• _Required work_
Return the lines of the data below starting at the one holding "The cir- cular" and ending at the one holding "圖為1月18日,臺(tái)州火車站派出所民警幫助旅客搬運(yùn)行李。", word for word, leaving every picture out.

• _Extracted information_
+--

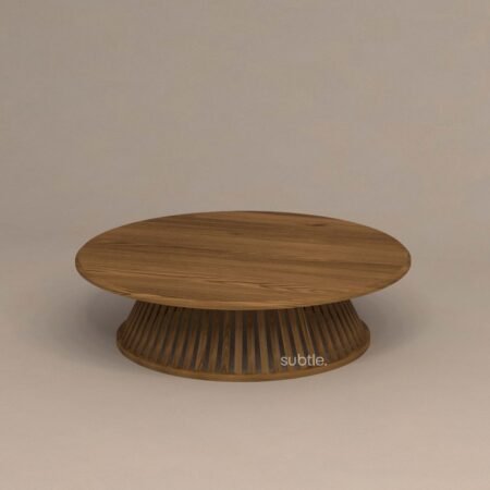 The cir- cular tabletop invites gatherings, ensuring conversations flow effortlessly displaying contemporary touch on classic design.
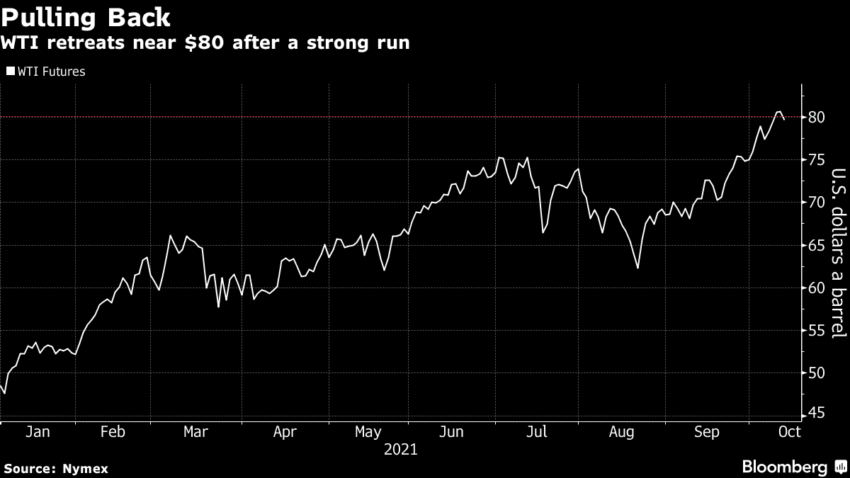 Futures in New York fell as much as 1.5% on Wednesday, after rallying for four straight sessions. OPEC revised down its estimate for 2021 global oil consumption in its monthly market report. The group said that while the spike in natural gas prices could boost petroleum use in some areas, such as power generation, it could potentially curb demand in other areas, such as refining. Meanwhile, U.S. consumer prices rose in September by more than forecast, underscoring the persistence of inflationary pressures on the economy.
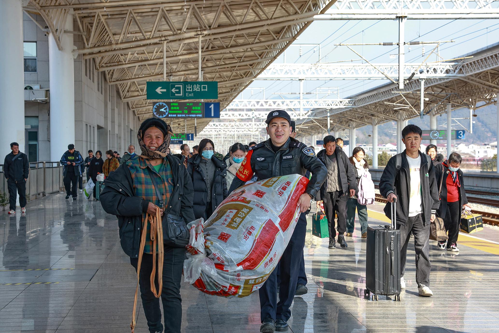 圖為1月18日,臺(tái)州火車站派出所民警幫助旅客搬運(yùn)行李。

+--

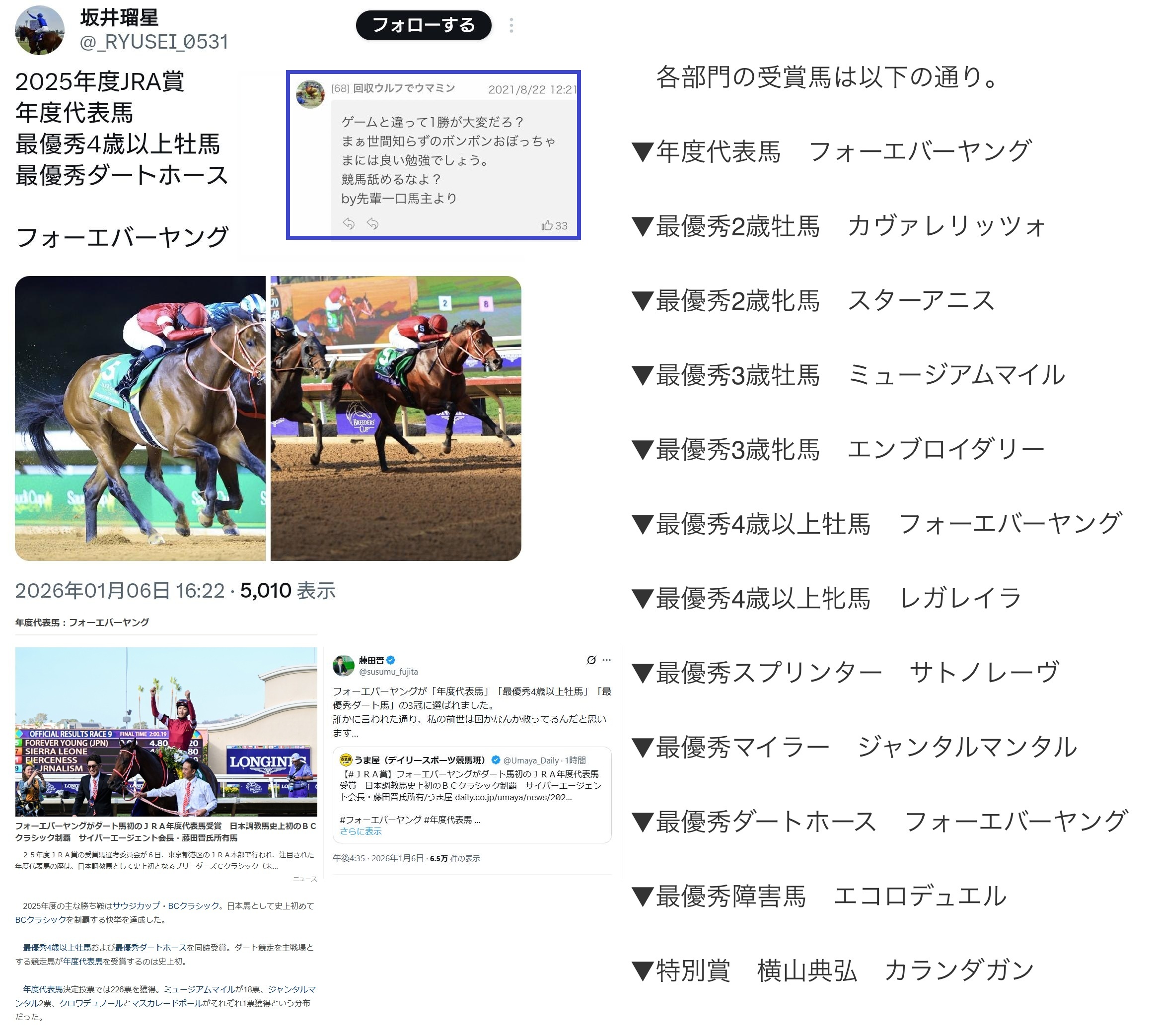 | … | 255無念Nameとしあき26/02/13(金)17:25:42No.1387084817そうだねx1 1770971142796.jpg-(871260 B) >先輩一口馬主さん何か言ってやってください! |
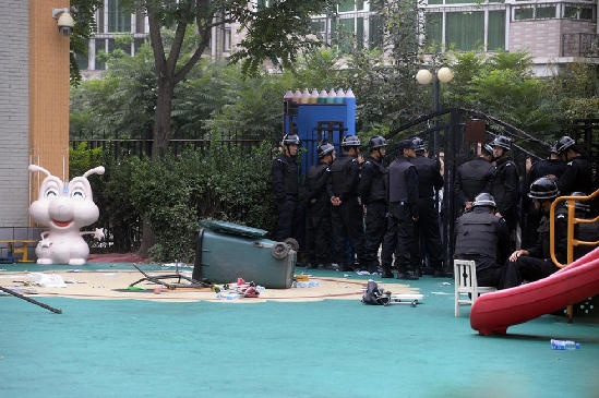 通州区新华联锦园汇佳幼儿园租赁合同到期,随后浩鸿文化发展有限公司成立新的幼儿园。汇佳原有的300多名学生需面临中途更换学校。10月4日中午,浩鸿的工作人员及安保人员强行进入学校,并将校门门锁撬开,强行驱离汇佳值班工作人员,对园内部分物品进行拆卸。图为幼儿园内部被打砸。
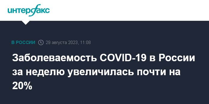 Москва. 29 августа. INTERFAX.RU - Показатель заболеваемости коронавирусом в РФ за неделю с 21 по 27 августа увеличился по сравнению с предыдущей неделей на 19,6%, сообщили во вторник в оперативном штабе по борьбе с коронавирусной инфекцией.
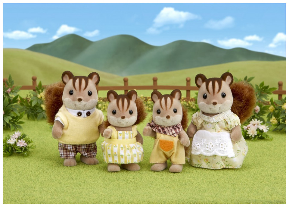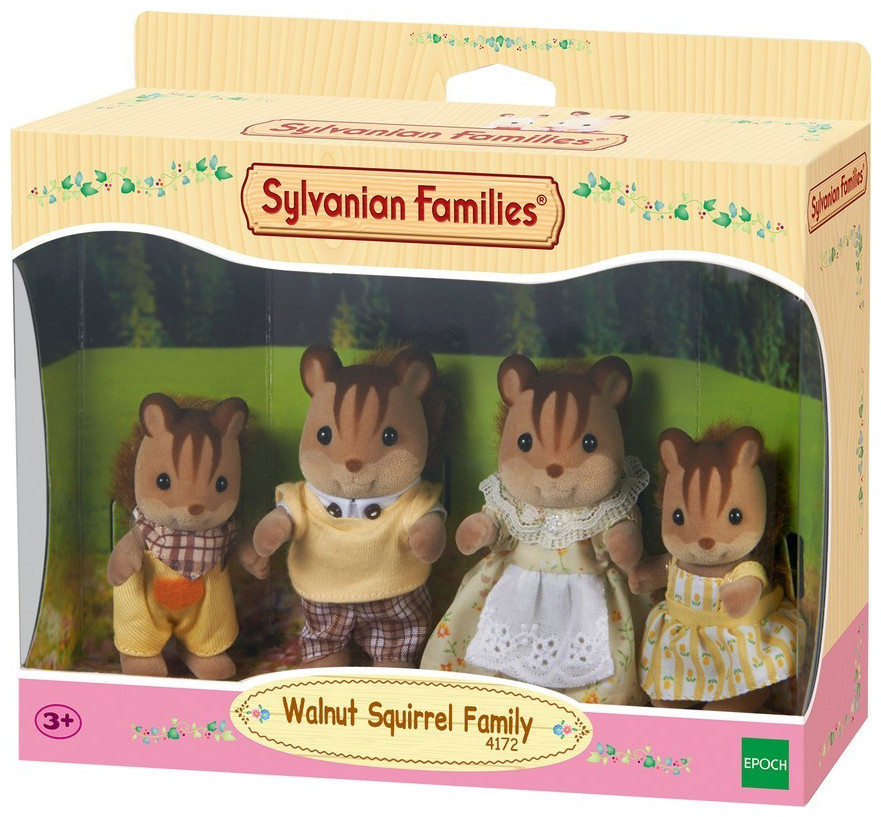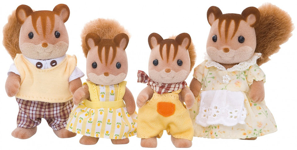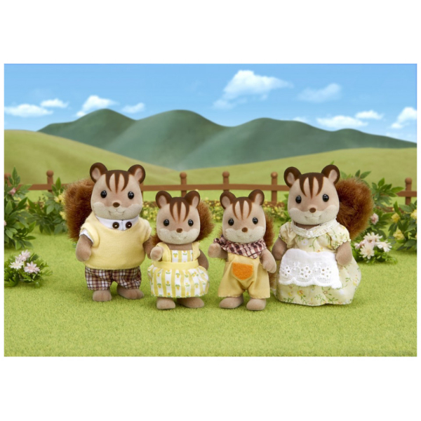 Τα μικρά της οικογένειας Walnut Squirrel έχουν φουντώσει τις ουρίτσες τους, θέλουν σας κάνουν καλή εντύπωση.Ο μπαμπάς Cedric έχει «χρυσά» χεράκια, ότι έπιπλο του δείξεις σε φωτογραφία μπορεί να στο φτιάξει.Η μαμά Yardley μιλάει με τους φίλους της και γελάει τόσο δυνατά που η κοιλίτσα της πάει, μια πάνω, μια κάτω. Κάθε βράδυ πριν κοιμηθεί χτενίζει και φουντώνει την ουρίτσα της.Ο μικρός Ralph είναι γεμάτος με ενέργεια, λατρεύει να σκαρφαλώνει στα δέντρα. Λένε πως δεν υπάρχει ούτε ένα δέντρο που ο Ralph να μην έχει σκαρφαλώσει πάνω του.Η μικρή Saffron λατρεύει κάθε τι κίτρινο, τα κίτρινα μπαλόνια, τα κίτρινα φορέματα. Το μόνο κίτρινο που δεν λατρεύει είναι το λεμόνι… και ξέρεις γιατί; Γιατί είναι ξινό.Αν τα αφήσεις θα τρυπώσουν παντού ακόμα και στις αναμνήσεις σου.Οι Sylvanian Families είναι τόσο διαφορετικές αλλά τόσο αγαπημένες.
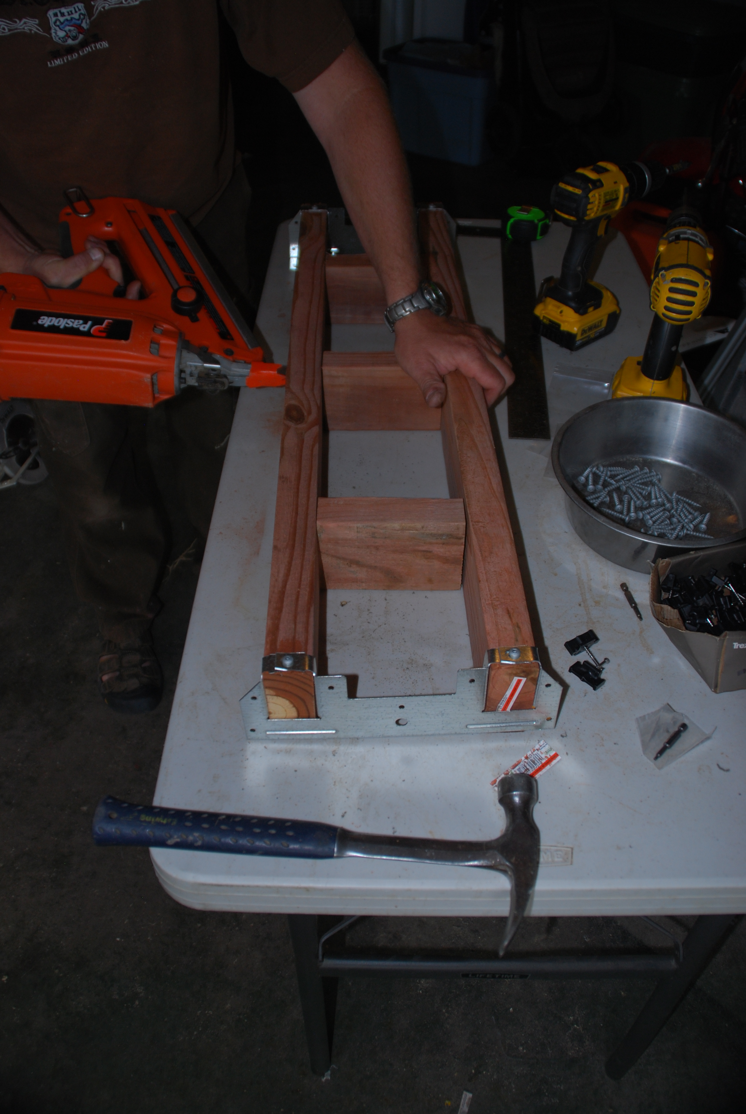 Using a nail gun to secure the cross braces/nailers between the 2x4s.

+--

• _Solved problem_
 The cir- cular tabletop invites gatherings, ensuring conversations flow effortlessly displaying contemporary touch on classic design.
 Futures in New York fell as much as 1.5% on Wednesday, after rallying for four straight sessions. OPEC revised down its estimate for 2021 global oil consumption in its monthly market report. The group said that while the spike in natural gas prices could boost petroleum use in some areas, such as power generation, it could potentially curb demand in other areas, such as refining. Meanwhile, U.S. consumer prices rose in September by more than forecast, underscoring the persistence of inflationary pressures on the economy.
 圖為1月18日,臺(tái)州火車站派出所民警幫助旅客搬運(yùn)行李。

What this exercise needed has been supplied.